We combine near-UV spectra obtained with the Hubble Space Telescope GHRS echelle with far-UV spectra obtained with IMAPS and Copernicus to study the abundances and physical conditions in the predominantly ionized gas seen at high velocity ( - 105 km s ^ { -1 } \lesssim v _ { \odot } \lesssim - 65 km s ^ { -1 } ) and at intermediate velocity ( - 60 km s ^ { -1 } \lesssim v _ { \odot } \lesssim - 10 km s ^ { -1 } ) along the line of sight to the star \zeta Ori .
We have high resolution ( FWHM \sim 3.3–4.5 km s ^ { -1 } ) and/or high S/N spectra for at least two significant ions of C , N , Al , Si , S , and Fe — enabling accurate estimates for both the total N ( H ii ) and the elemental depletions .

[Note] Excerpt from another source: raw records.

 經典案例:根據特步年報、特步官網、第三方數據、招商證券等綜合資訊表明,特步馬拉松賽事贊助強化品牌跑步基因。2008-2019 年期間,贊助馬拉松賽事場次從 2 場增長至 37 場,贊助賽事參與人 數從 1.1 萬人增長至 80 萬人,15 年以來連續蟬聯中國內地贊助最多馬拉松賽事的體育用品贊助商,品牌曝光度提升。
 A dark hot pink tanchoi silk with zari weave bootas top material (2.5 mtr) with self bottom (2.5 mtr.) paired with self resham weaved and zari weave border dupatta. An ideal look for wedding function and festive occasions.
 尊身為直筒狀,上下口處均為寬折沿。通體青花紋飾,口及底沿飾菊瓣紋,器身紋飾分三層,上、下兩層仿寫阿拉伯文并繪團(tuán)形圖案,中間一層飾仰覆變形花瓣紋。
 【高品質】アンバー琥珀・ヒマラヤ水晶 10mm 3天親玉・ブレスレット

C , N , and S have essentially solar relative abundances ; Al , Si , and Fe appear to be depleted by about 0.8 , 0.3–0.4 , and 0.95 dex , respectively , relative to C , N , and S. While various ion ratios would be consistent with collisional ionization equilibrium ( CIE ) at temperatures of 25,000–80,000 K , the widths of individual high-velocity absorption components indicate that T \sim 9000 \pm 2000 K — so the gas is not in CIE .

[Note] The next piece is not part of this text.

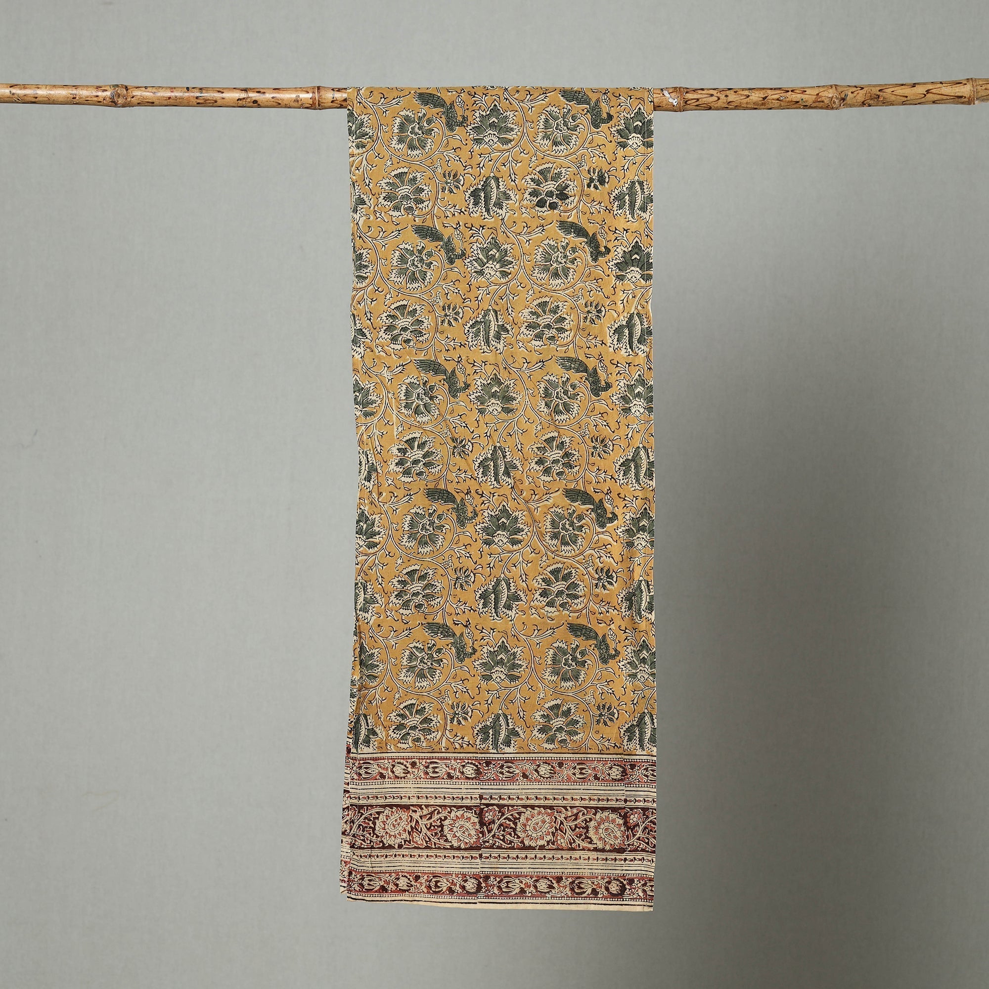 | Material | Step into the world of kalamkari with this exquisite yellow cotton kalamkari stole. Handcrafted by artisans from Pedana, this stole features intricate block prints inspired by traditional kalamkari art. The natural dyes used reflect the sustainable practices that make this piece special. |
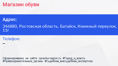 Магазин обуви по адресу 346880, Ростовская область, Батайск, Книжный переулок, 11г в дальнейшем Организация, размещена в следующих категориях:

Analysis of the C ii fine-structure excitation equilibrium , at that temperature , yields estimates for the densities ( n _ { e } \sim n _ { H } \sim 0.1–0.2 cm ^ { -3 } ) , thermal pressures ( 2 n _ { H } T \sim 2000–4000 cm ^ { -3 } K ) , and thicknesses ( 0.5–2.7 pc ) characterizing the individual clouds .
We compare the abundances and physical properties derived for these clouds with those found for gas at similar velocities toward 23 Ori and \tau CMa , and also with several different models for shocked gas .
While the shock models can reproduce some features of the observed line profiles and some of the observed ion ratios , there are also significant differences between the models and the data .
The measured depletions suggest that roughly 10 % of the Al , Si , and Fe originally locked in dust in the pre-shock medium may have been returned to the gas phase , consistent with recent predictions for the destruction of silicate dust in a 100 km s ^ { -1 } shock .
The observed near-solar gas phase abundance of carbon , however , appears to be inconsistent with the predicted longer time scales for the destruction of graphite grains .